In the end, all diagnostic machine learning then is just trying to match symptoms to human ideas of what diseases and disorders are. Ideas that are informed by human biases and cultural beliefs, medical misconceptions, and scientific knowledge gaps. All of which are constantly shifting and evolving.
When it comes to illness, people want to feel better. They want to live the best quality of life they can. If a psychiatric or psychological treatment for a particular cluster of symptoms presenting in a patient with specific characteristics leads to better outcomes, great! That's some important signal there. But when patients report that a treatment approach not only doesn’t work, but further hinders their wellbeing, why not compare to treatment options that have led to better outcomes based on the patterns in medical record data?
What if rather than just symptom matching for diagnosis, we trained AI to look at patient outcomes, and reverse engineered which factors led to the best ones? If you can put all the symptoms into a machine learning engine, cross reference it against patient profiles and identify meaningful patterns, then trace those patterns to results for various treatment approaches spanning hundreds of thousands or even millions of patient records, and trillions of variables…. a construct standing in the way of the better outcomes might not add much value at all.
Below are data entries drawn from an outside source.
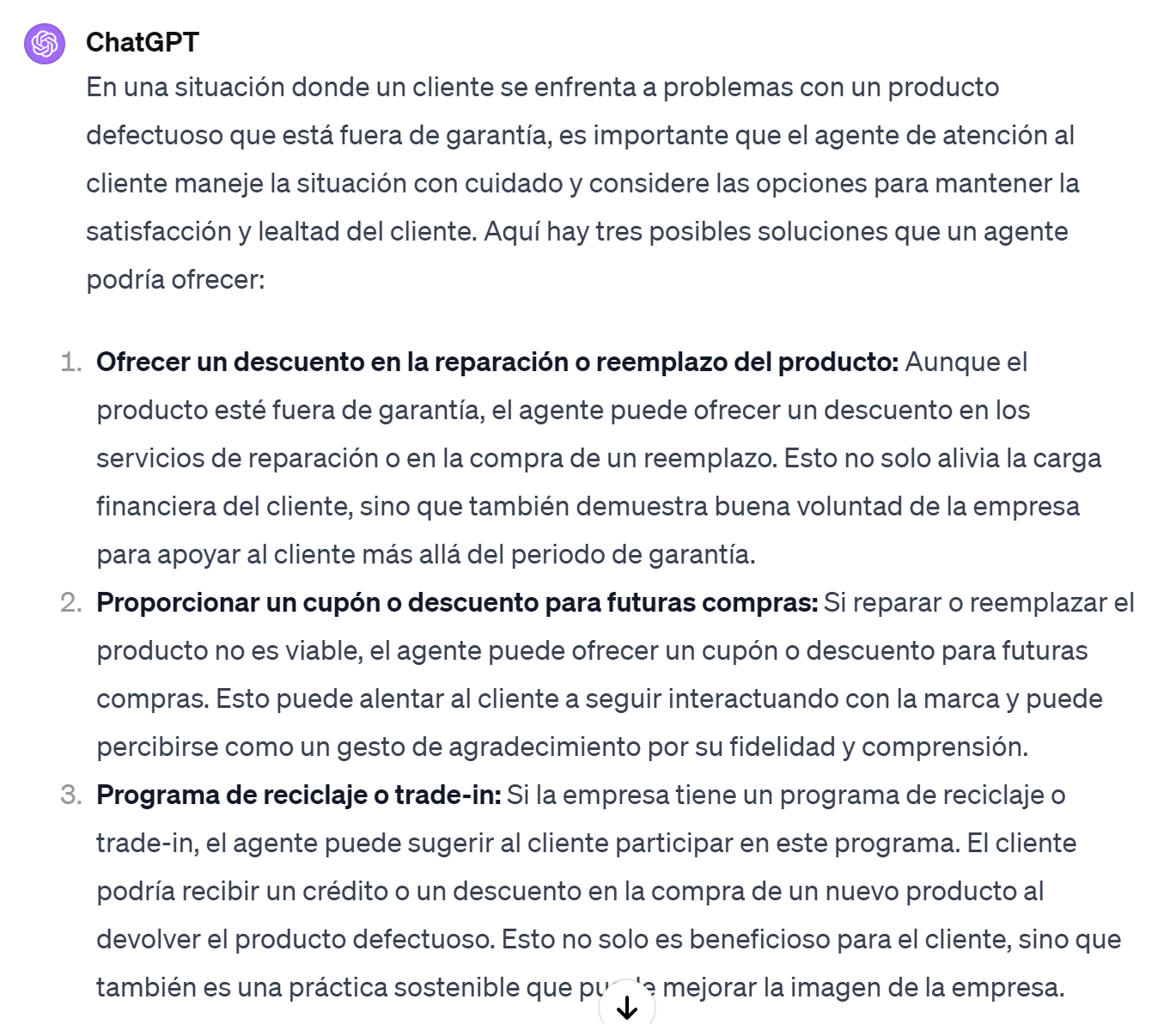 Un cliente se queja de un producto defectuoso fuera de garantía. Por favor, sugiere 3 posibles soluciones que un agente podría ofrecer en esta situación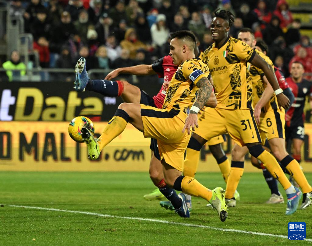 12月28日,国际米兰队球员劳塔罗·马丁内斯(右一)在比赛中射门得分。新华社发(迭戈摄)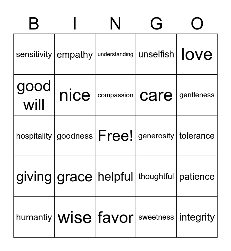 This bingo card has a free space and 25 words: grace, favor, compassion, humantiy, love, sensitivity, good will, empathy, generosity, helpful, care, hospitality, thoughtful, patience, nice, pleasant, tolerance, understanding, gentleness, goodness, integrity, wise, giving, unselfish and sweetness.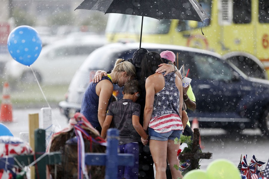 Read moreWell-wishers pay their respects in the rain at a makeshift memorial, at the scene where several police and a sheriff deputy were killed in Baton Rouge, Louisiana, on July 23, 2016. Funeral services were being conducted for East Baton Rouge Sheriff deputy Brad Garafola. #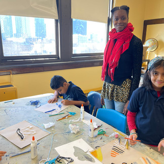 Each class had begun working with yarn and glue last week to bring color and texture to their animal silhouettes, so they were ready to jump right in this week. With a quick refresher of the term "mixed media," students now had the option to add patterns or details in colored pencil alongside the yarn. All three classes were focused, productive, and conscientious of sharing supplies and asking politely for help when they needed it. Time flies, so we advised students how best to achieve a finished piece by the end of next week's class. We have heard lots of appreciative comments from students about this project and are very glad they're having fun!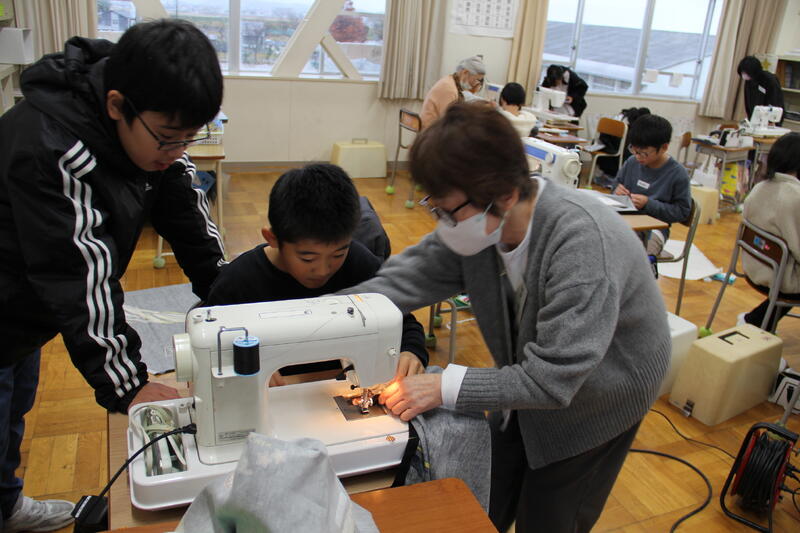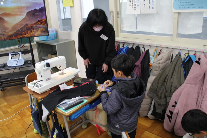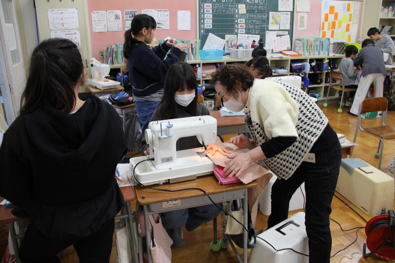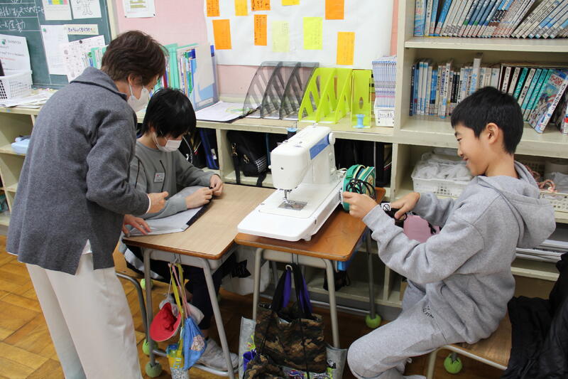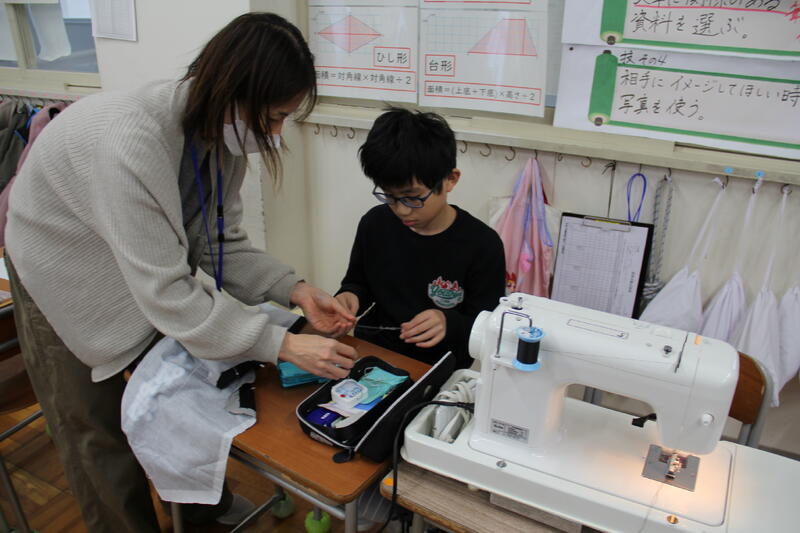 今、5年生の家庭科ではエプロンづくりをしています。それに伴うミシンかけの授業にボランティアの方々にお手伝いに来ていただきました。困った時にすぐ教えてもらえて、児童も不安をもたずに作業することができました。ありがとうございました。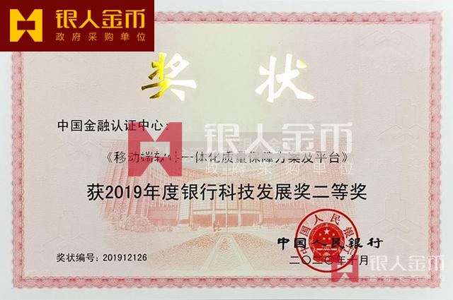 中國人民銀行年度“銀行科技發(fā)展獎”榮譽證書獎勵證書獎狀及獎牌獎?wù)伦C章徽章紀(jì)念章(圖)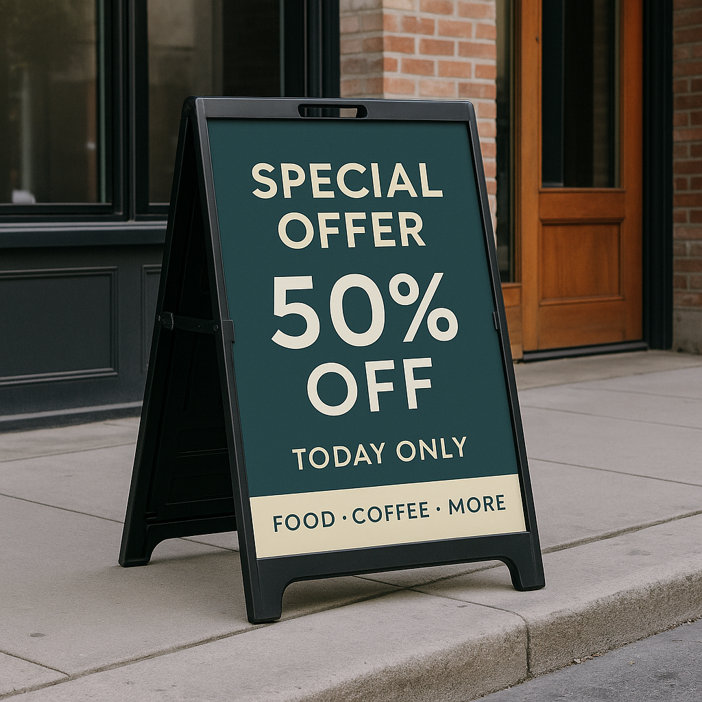 Also known as sandwich boards, are a portable and versatile way to promote your business or event. Perfect for sidewalks, storefronts, and entryways, they’re easy to set up, move, and store. Available with full colour printed panels, chalkboard surfaces, or interchangeable inserts. Its an affordable solution to grab attention.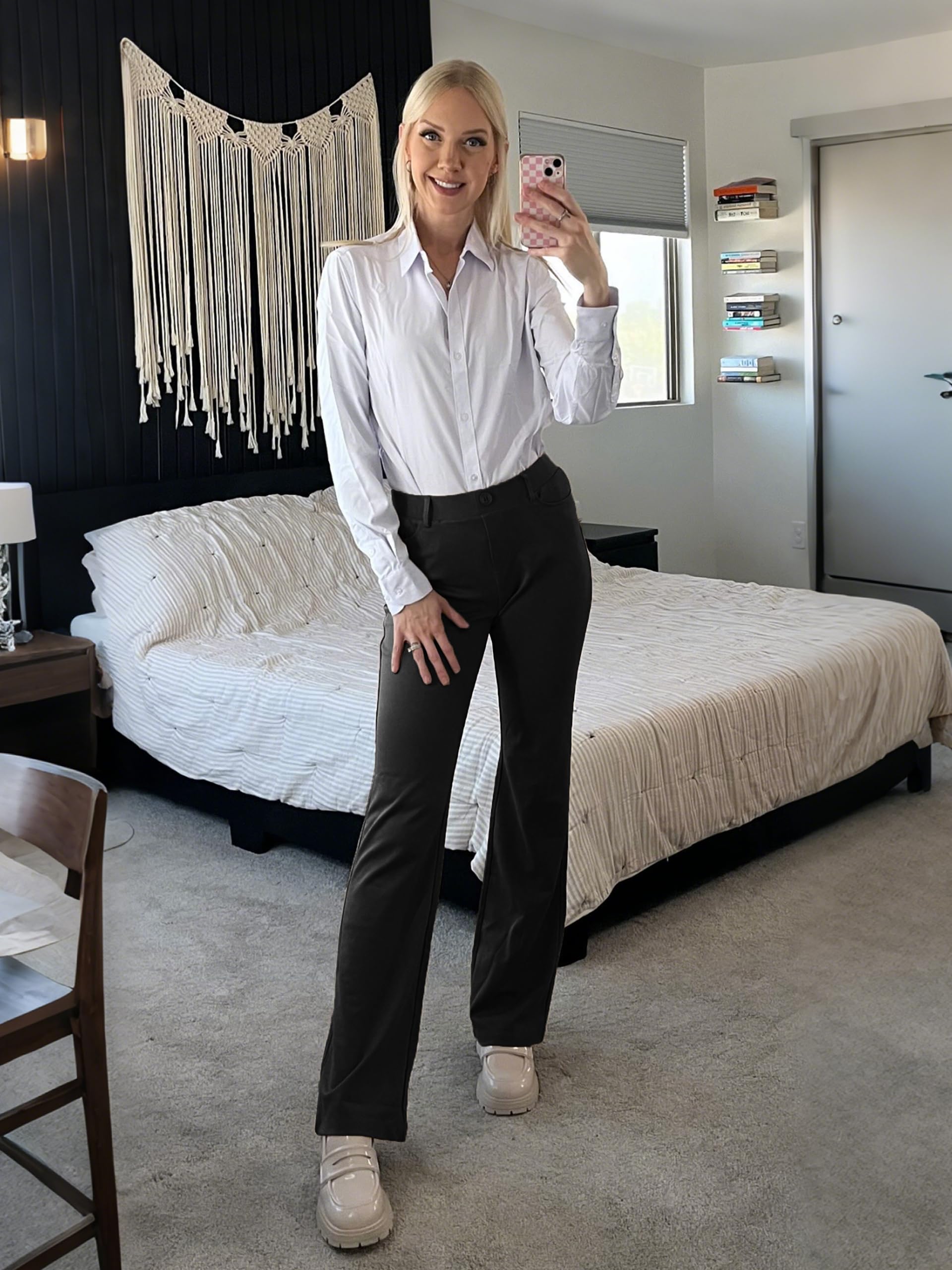 - [Stretch Bootcut]: Business casual pants feature a bootcut design, fit the hips and thighs, and a slight flare from knee down balances curves. Bootleg slacks made from 4-way stretch knit ponte fabric maintain a soft cotton feel and yoga flexibility for all-day mobility

With the advent of digital patient records, every time we walk into a doctor’s office we are all now contributing data to an ongoing, real-time experiment testing out every treatment approach with every patient profile ever conceived. Not a clinical trial in a controlled, isolated environment, but a new kind of trial. One that’s happening out in the real world, with real patient situations and real care delivery scenarios. One where all the factors of human life and healthcare systems come into play. A trial we’ve never had the technology to run before. Until now. By looking beyond mere diagnosis, and analyzing outcomes, AI can be a tool not just for mitigating medical bias, but to truly transform medicine itself for a new millennium.
I think AI would be able to find patterns if patients' perspectives were incorporated into the medical records as a matter of course. If we can get automated appointment reminders we should also be able to get automated followup surveys: Were all of your medical concerns addressed to your satisfaction? A "maybe" answer could prompt more questions determining, for example, if the doctor prescribed a particular treatment and if so what is the expected timeline for results, and this timeline could prompt a follow-up survey at the designated later point in time asking whether the treatment is having the desired effect. A "no" answer could prompt more questions and open a space for the patient to describe problems in the session. If it's for machine learning purposes this data could be kept inaccessible to doctors except in the form of meta-data highlighting overall patterns.
What would it take to automate surveys to all patients? What would it take to legally require it as a means of protecting patients' rights?